▸ PROBLEM TO SOLVE: Transcribe every entry word for word, but drop the pictures.

((

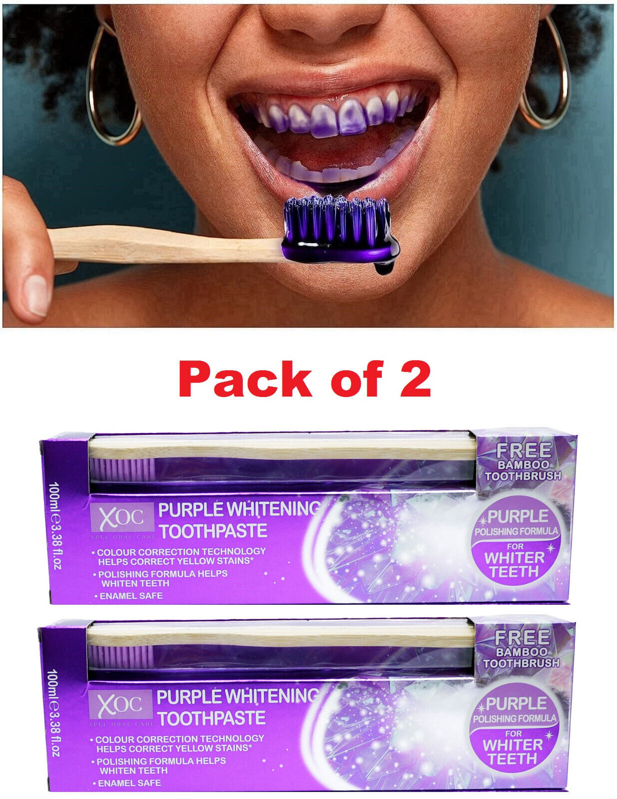 Pack of 2 Xpel Oral Care Purple Whitening Toothpaste 100ml + Bamboo Toothbrushes
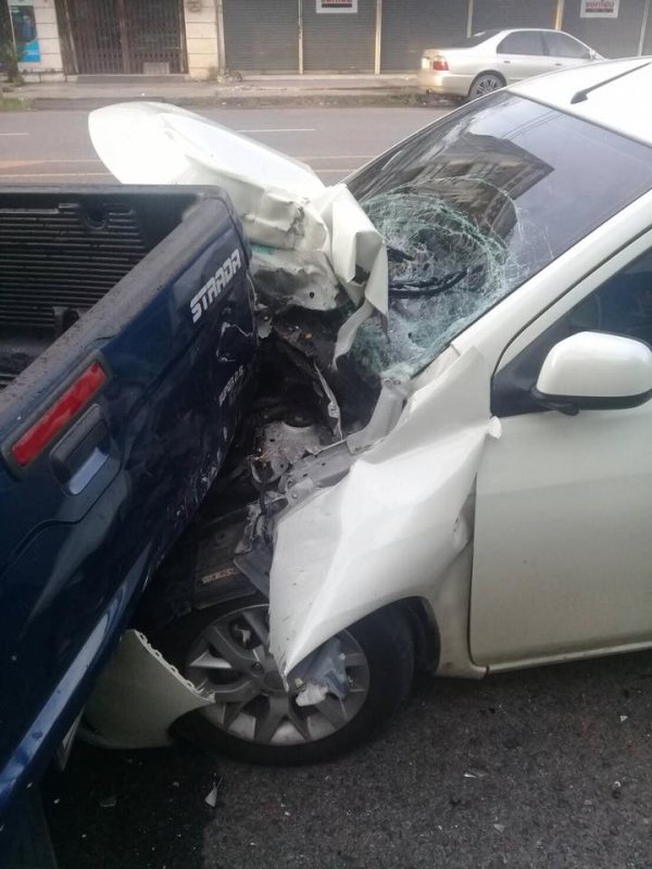 อุบัติเหตุครั้งนี้จึงเป็นการชนของรถ 3 คันรวด โชคดีที่คนขับเก๋งไม่เป็นไร (บาดเจ็บเล็กน้อย) สุนัขก็อยู่รอดปลอดภัย แต่อาจจะโชคร้ายหน่อยที่ต้องจ่ายค่าเสียหายทั้งรถของตัวเอง และรถคนอื่นอีก 2 คัน แต่ถ้าคิดในแง่ดีถือว่าฟาดเคราะห์ทรัพย์สินเสียหายยังดีกว่าบาดเจ็บหนัก
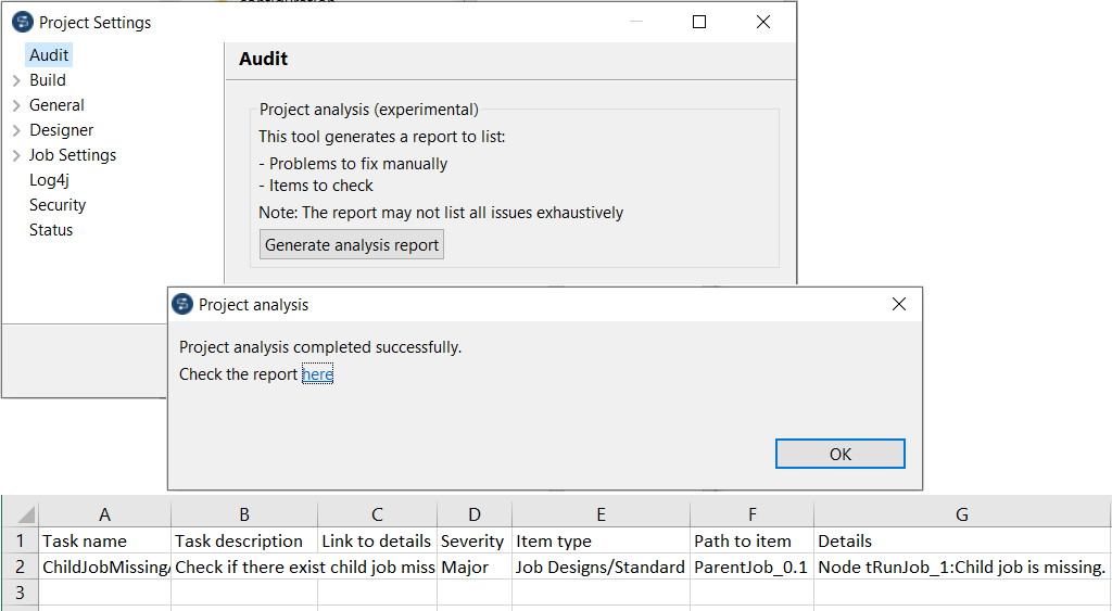 | Outil d'analyse des projets | Le Studio Talend fournit à présent un outil d'analyse de projet pour permettre d'analyser vos projets. Cet outil génère un fichier CSV de rapport listant les éléments à vérifier et les problèmes à corriger manuellement.
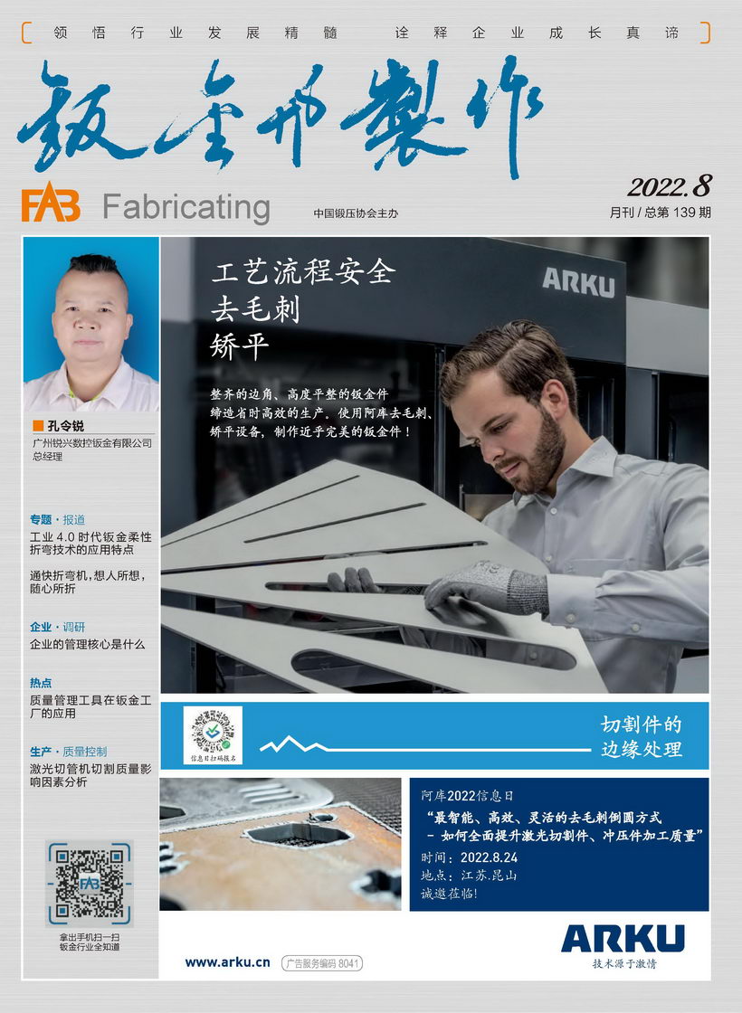 《鈑金與制作》雜志是中國(guó)鍛壓協(xié)會(huì)主辦的目前國(guó)內(nèi)惟一一本面向鈑金制作、管型線材加工行業(yè)的綜合性高端雜志。憑借中國(guó)鍛壓協(xié)會(huì)多年服務(wù)鈑金和管型線材行業(yè)的優(yōu)勢(shì),努力搭建供應(yīng)商與用戶企業(yè)間的信息平臺(tái),做好政府、高校、科研院所及企業(yè)間溝通的橋梁。
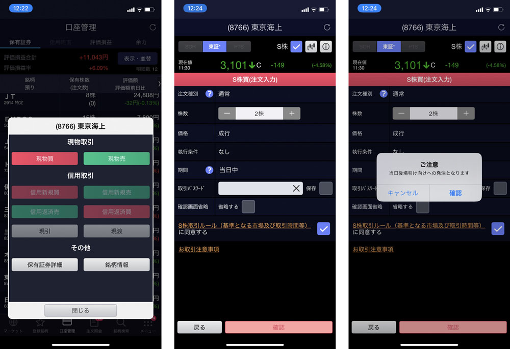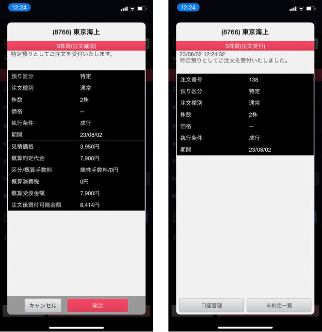 昼休みに会社で手続きをしたのでスマホです。スマホで単元未満を買うのは初めてでしたがノーストレスで買えました。お昼の12:24なので約定は後場引けになります。
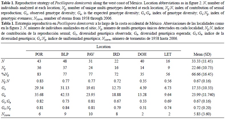 We sampled 139 colonies of P. panamensis; most of the colonies had unique genotypes (Ng = 127). The unique multi-genotypes ranged from 85% to 100% at each location (on average, 92.21 ± 6.4; fig. 3). The Ng:N average was 0.92 ± 0.06, ranging from 0.85 to 1.00 among locations (table 4). Observed and expected genotypic diversity (Go:Ge ratio) averaged 0.93 ± 0.07, ranging from 0.85 to 1.04. The Go:Ng ratio revealed that, on average, each genet is represented by an equal number of ramets (0.94 ± 0.04), ranging from 0.90 to 1.00 among locations (table 4); this result indicates high sexual reproduction, with Go:Ng values close to one (Coffroth and Lasker 1998). The percentage of unique genotypes and reproductive indexes showed that the massive coral P. panamensis mainly reproduced sexually along the west coast of Mexico, but also had low asexual reproduction at the southern locations. Recent studies of massive coral species show that fragmentation is higher than previously thought (Miller and Ayre 2008, Boulay et al. 2012). In this study, 24-30% of P. panamensis colonies at PAV, IRD, and LET originated by asexual reproduction. Similar percentages of asexual reproduction (8-25%) have been estimated for other four massive species: Porites lobata (Boulay et al. 2012), Montastraea annularis (Severance and Karl 2006), Montas-traea faveolata (Severance and Karl 2006), and Platygyra daedalea (Miller and Ayre 2008).
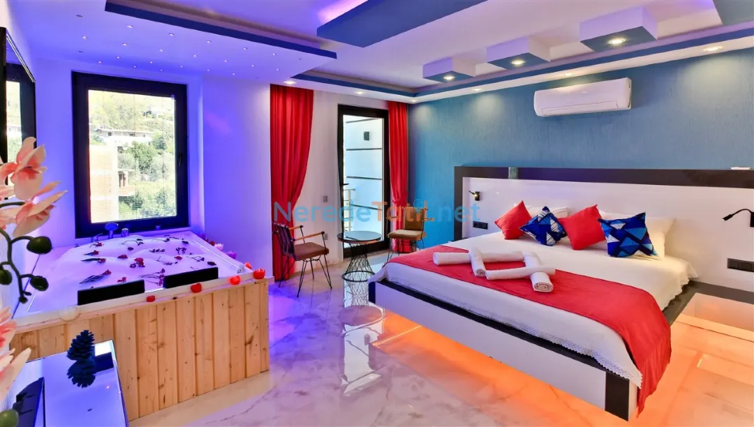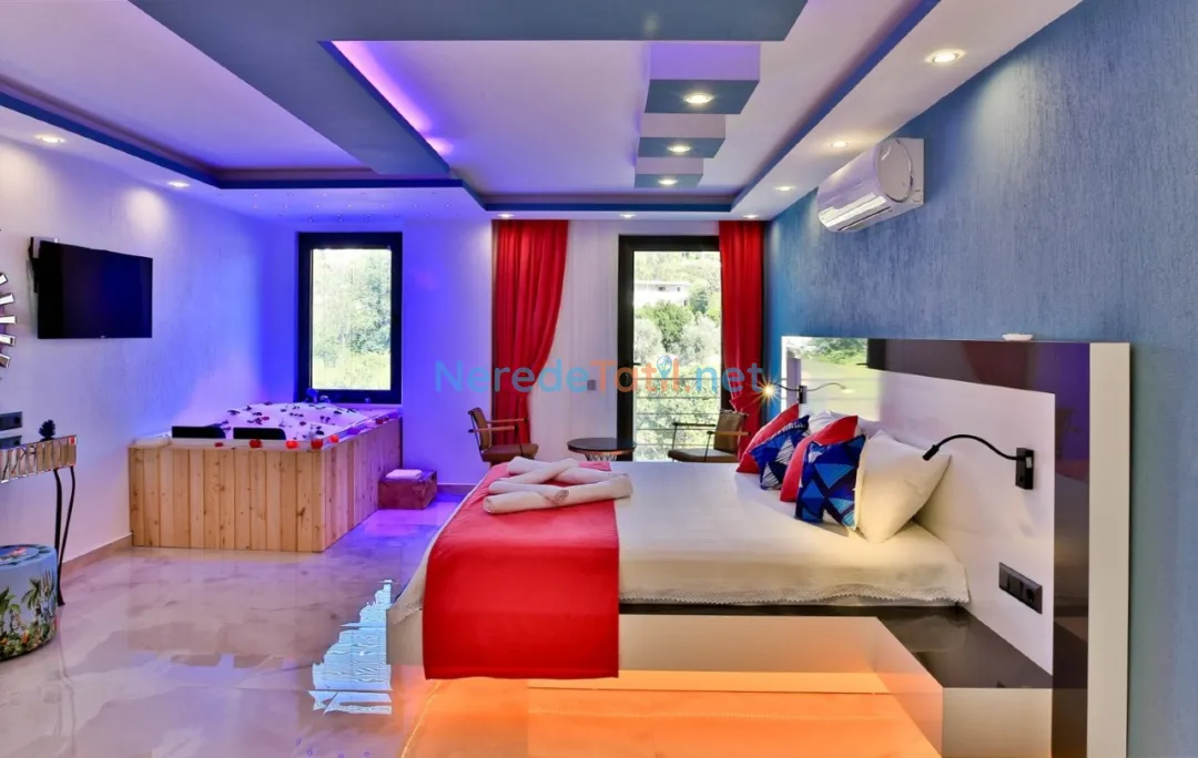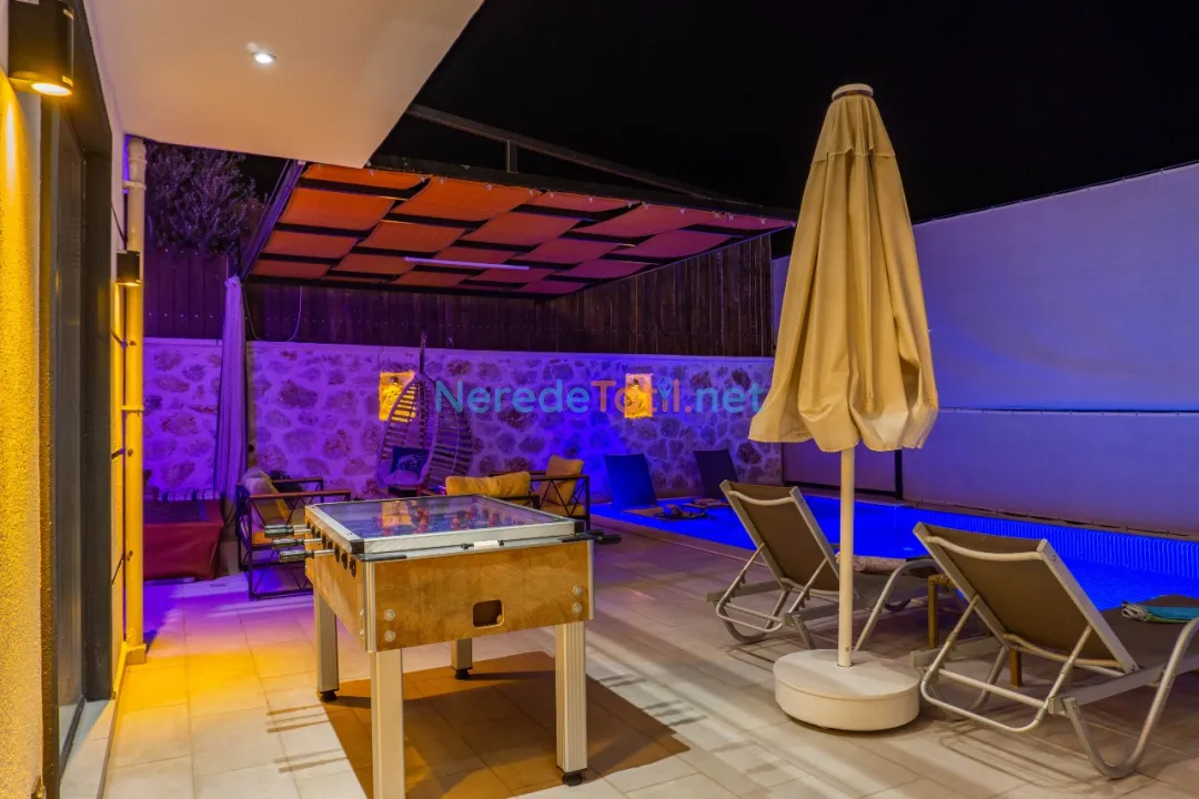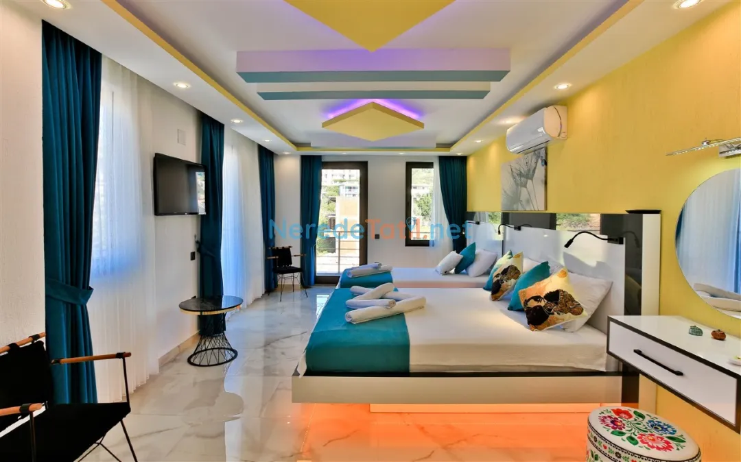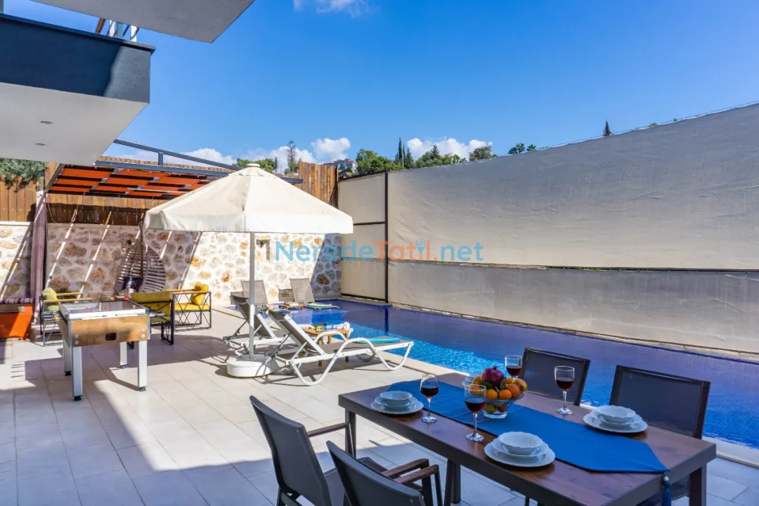 Patara'nın doğal güzellikleri arasında yer alan bu lüks villa, özel yüzme havuzu ve çocuk havuzuyla size ve ailenize rahat bir tatil sunmaktadır. Villamızda toplam iki yatak odası ve iki banyo bulunmakta olup, 4 kişilik konaklama kapasitesine sahiptir. Çift kişilik bir yatak ve iki tek kişilik yatak sayesinde konforlu bir uyku deneyimi yaşayabilirsiniz.

))

▸ SOLUTION TO THE PROBLEM:
 Pack of 2 Xpel Oral Care Purple Whitening Toothpaste 100ml + Bamboo Toothbrushes
 อุบัติเหตุครั้งนี้จึงเป็นการชนของรถ 3 คันรวด โชคดีที่คนขับเก๋งไม่เป็นไร (บาดเจ็บเล็กน้อย) สุนัขก็อยู่รอดปลอดภัย แต่อาจจะโชคร้ายหน่อยที่ต้องจ่ายค่าเสียหายทั้งรถของตัวเอง และรถคนอื่นอีก 2 คัน แต่ถ้าคิดในแง่ดีถือว่าฟาดเคราะห์ทรัพย์สินเสียหายยังดีกว่าบาดเจ็บหนัก
 | Outil d'analyse des projets | Le Studio Talend fournit à présent un outil d'analyse de projet pour permettre d'analyser vos projets. Cet outil génère un fichier CSV de rapport listant les éléments à vérifier et les problèmes à corriger manuellement.
 《鈑金與制作》雜志是中國(guó)鍛壓協(xié)會(huì)主辦的目前國(guó)內(nèi)惟一一本面向鈑金制作、管型線材加工行業(yè)的綜合性高端雜志。憑借中國(guó)鍛壓協(xié)會(huì)多年服務(wù)鈑金和管型線材行業(yè)的優(yōu)勢(shì),努力搭建供應(yīng)商與用戶企業(yè)間的信息平臺(tái),做好政府、高校、科研院所及企業(yè)間溝通的橋梁。
 昼休みに会社で手続きをしたのでスマホです。スマホで単元未満を買うのは初めてでしたがノーストレスで買えました。お昼の12:24なので約定は後場引けになります。
 We sampled 139 colonies of P. panamensis; most of the colonies had unique genotypes (Ng = 127). The unique multi-genotypes ranged from 85% to 100% at each location (on average, 92.21 ± 6.4; fig. 3). The Ng:N average was 0.92 ± 0.06, ranging from 0.85 to 1.00 among locations (table 4). Observed and expected genotypic diversity (Go:Ge ratio) averaged 0.93 ± 0.07, ranging from 0.85 to 1.04. The Go:Ng ratio revealed that, on average, each genet is represented by an equal number of ramets (0.94 ± 0.04), ranging from 0.90 to 1.00 among locations (table 4); this result indicates high sexual reproduction, with Go:Ng values close to one (Coffroth and Lasker 1998). The percentage of unique genotypes and reproductive indexes showed that the massive coral P. panamensis mainly reproduced sexually along the west coast of Mexico, but also had low asexual reproduction at the southern locations. Recent studies of massive coral species show that fragmentation is higher than previously thought (Miller and Ayre 2008, Boulay et al. 2012). In this study, 24-30% of P. panamensis colonies at PAV, IRD, and LET originated by asexual reproduction. Similar percentages of asexual reproduction (8-25%) have been estimated for other four massive species: Porites lobata (Boulay et al. 2012), Montastraea annularis (Severance and Karl 2006), Montas-traea faveolata (Severance and Karl 2006), and Platygyra daedalea (Miller and Ayre 2008).
 Patara'nın doğal güzellikleri arasında yer alan bu lüks villa, özel yüzme havuzu ve çocuk havuzuyla size ve ailenize rahat bir tatil sunmaktadır. Villamızda toplam iki yatak odası ve iki banyo bulunmakta olup, 4 kişilik konaklama kapasitesine sahiptir. Çift kişilik bir yatak ve iki tek kişilik yatak sayesinde konforlu bir uyku deneyimi yaşayabilirsiniz.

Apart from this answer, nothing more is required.